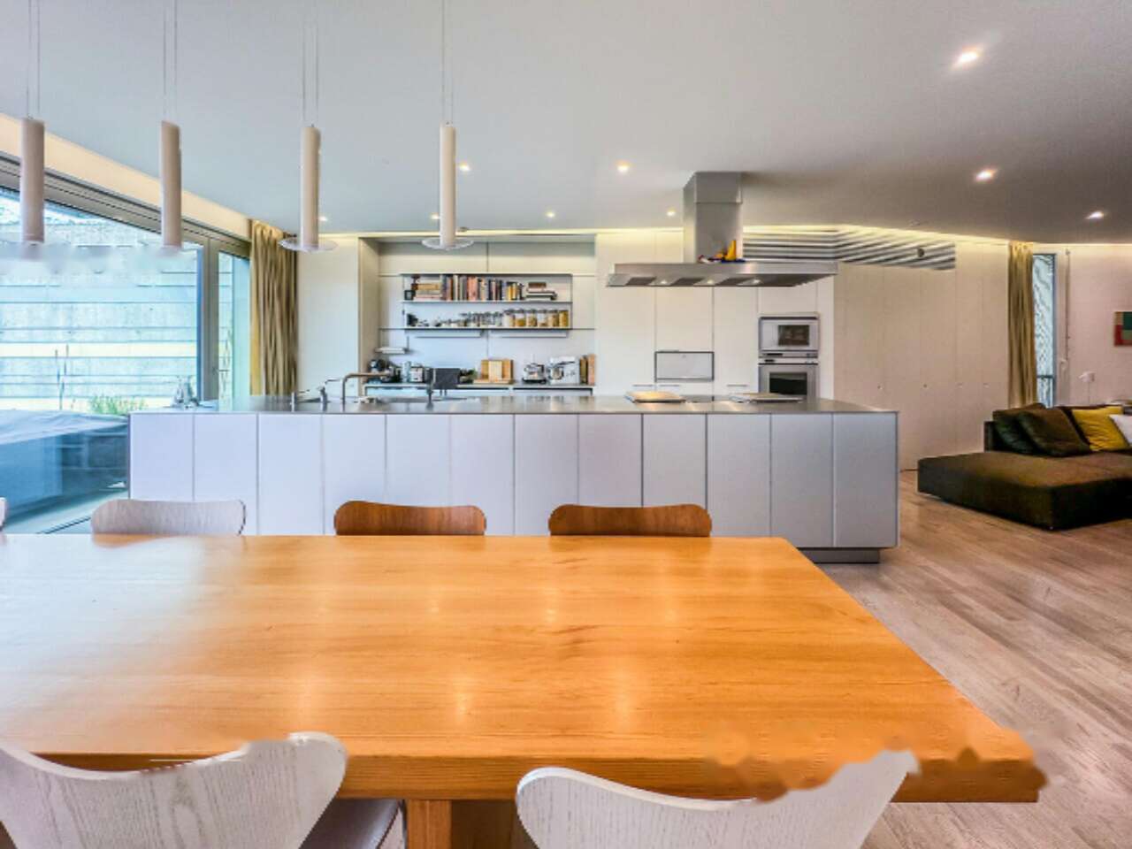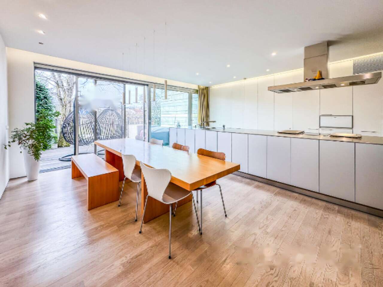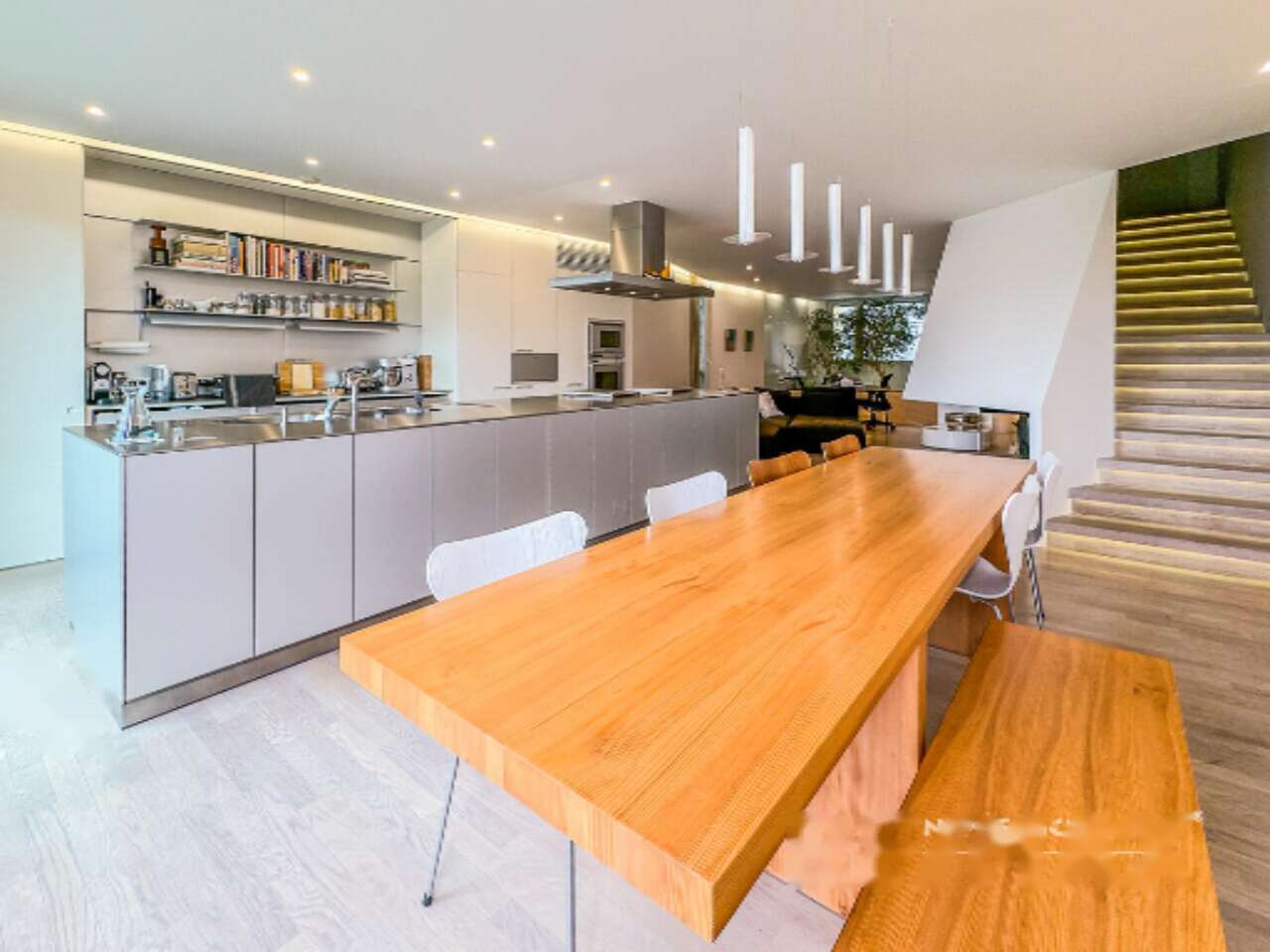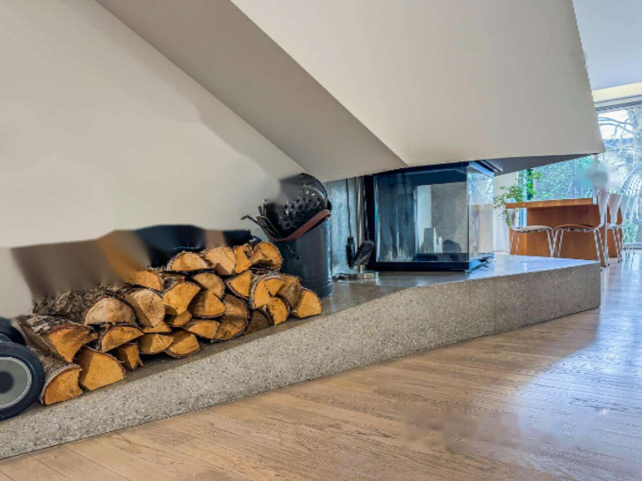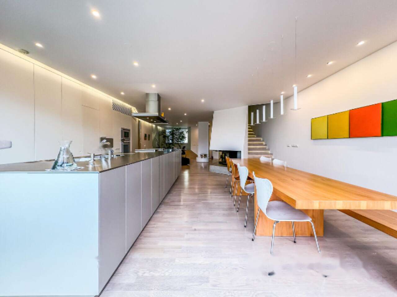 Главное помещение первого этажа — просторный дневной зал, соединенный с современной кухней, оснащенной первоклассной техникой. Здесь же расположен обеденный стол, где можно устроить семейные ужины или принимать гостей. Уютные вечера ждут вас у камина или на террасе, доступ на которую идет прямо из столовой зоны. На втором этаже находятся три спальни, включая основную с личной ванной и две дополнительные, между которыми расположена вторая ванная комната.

..........

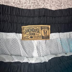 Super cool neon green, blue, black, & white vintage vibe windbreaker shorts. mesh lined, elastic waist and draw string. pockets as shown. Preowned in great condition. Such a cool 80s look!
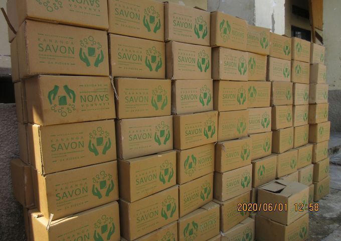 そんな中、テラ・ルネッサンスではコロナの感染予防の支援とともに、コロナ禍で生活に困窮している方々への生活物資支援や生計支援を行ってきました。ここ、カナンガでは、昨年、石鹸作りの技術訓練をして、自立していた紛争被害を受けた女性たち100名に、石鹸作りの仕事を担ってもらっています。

..........

§ **WORK INSTRUCTION**: Although pictures appear among the entries, please set down only the lines from the one with "Super cool neon" up to and including the one with "そんな中、テラ・ルネッサンス", word for word.

§ **YOUR RESPONSE**:
 Super cool neon green, blue, black, & white vintage vibe windbreaker shorts. mesh lined, elastic waist and draw string. pockets as shown. Preowned in great condition. Such a cool 80s look!
 そんな中、テラ・ルネッサンスではコロナの感染予防の支援とともに、コロナ禍で生活に困窮している方々への生活物資支援や生計支援を行ってきました。ここ、カナンガでは、昨年、石鹸作りの技術訓練をして、自立していた紛争被害を受けた女性たち100名に、石鹸作りの仕事を担ってもらっています。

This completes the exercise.